In this passage Doerr teases us, frustrating our expectations for how "two-plot" novels are supposed to end. Instead of culminating in a happy reunion between the two protagonists, his novel splits in half once again. Doerr's point seems to be that interpersonal connection and unity is always temporary and unpredictable. If even a close relationship between a father and his daughter is subject to the chaos of World War II, then there's simply no reason that a chance encounter between Werner and Marie-Laure should span out into anything more. Moreover, the passage challenges our notions of fate. In this "two-plot" novel, Doerr has implied that Marie-Laure and Werner are "destined" to meet one another and stay together--such an ending would be satisfying in a conventional narrative way. But because Doerr wants to challenge our ideas about destiny, he doesn't offer anything like a predictable ending. Werner and Marie-Laure meet once, and that's all--in a chaotic world, there's no reason they should ever meet again.

Twelve (1974): Sea of Flames Quotes

It is cut, polished; for a breath, it passes between the hands of men.
Another hour, another day, another year. Lump of carbon no larger than a chestnut. Mantled with algae, bedecked with barnacles. Crawled over by snails.

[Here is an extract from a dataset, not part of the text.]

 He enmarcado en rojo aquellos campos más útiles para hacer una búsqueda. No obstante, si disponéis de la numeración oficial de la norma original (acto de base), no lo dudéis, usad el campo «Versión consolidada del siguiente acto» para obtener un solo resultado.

It stirs among the pebbles.

Related Symbols: The Sea of Flames, Whelks, Mollusks, and Shells
Page Number: 520
Explanation and Analysis:

In this lyrical quotation, Doerr describes the Sea of Flames, the priceless gemstone that has inspired von Rumpel, among others, to travel great distances and commit horrible deeds in order to possess it. Although it's been claimed that the Sea of Flames has a magical power (it keeps the owner alive while killing everyone the owner loves), Doerr never confirms this legend to be either true or false. As Marie-Laure points out many times, it's impossible to tell whether the gemstone is "special" or not--whether it's just a lump of carbon or whether it's fated to bring eternal life to its owner.

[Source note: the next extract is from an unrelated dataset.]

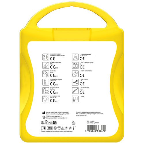 Le kit premiers secours complet est un indispensable à la maison pour pouvoir intervenir en cas de blessures. Contient:1 notice premiers secours, 1 pansement, 12 pansements, 1 pince à épiler métal, 1 paire de ciseaux, 1 bandage triangulaire, 1 paire de gants jetables, 2 compresses, 1 pansement stérile, 2 cotons secs, 4 coton nettoyant. Tous les contenus à l'intérieur des kits sont conformes à la législation européenne. Le prix comprend l'étiquette personnalisée.

The two ways of looking at the gemstone (ordinary or special) correspond to two competing views of fate that the novel offers up--fate may either be a reality or a myth. During World War II, it often seems that the universe is a chaotic, random place. Yet there are times when the universe appears to have a "destiny"--for instance, when Werner saves Marie-Laure's life. Similarly, in this quotation, Doerr describes the gemstone as a mere "lump of carbon"—and yet also as something with a seeming life of its own, as it "stirs among the pebbles."

Thirteen (2014) Quotes

He kisses her once on each cheek. “Until next week, Mamie.”
She listens until his footsteps fade. Until all she can hear are the sighs of cars and the rumble of trains and the sounds of everyone hurrying through the cold.

Related Characters: Michel (speaker), Marie-Laure LeBlanc
Page Number: 530
Explanation and Analysis:

In the final scene of the novel, Marie-Laure, now an old woman, meets with her beloved grandson, Michel, and they spend the day together in Paris. Eventually, Michel says goodbye to his grandmother and walks away into the distance. Because Marie-Laure is blind, she listens carefully until she can't hear him any longer.

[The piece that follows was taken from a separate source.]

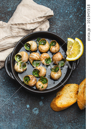 Escargots de Bourgogne Snails with Garlic Butter and Parsley in black cast iron pan with Lemon and Toasted Baguette Slices on rustic stone background top view, traditional French Delicacy .

It's important to note that the novel ends with a scene of interpersonal disconnection and connection. After a few moments, Marie-Laure can no longer sense her beloved grandson at all. And yet her memories of her grandson--and the certainty that she'll see him again soon--live on even after he's far away from her. Marie-Laure is both close and far away from Michel.

By pairing connection and disconnection, the novel ends on a note of ambiguity. Many of the relationships between characters in the novel have "faded away," like the noise of Michel's footsteps fading into the distance. And yet the characters' memories of these relationships have remained strong: Marie-Laure continues to remember her father; Jutta remembers Werner, etc. Perhaps Doerr's point is that while human beings will always be distanced from one another, thanks to war, tragedy, and the basic unpredictability of life, they will also always be close to one another, so long as they have their memories and the methods of communication and connection.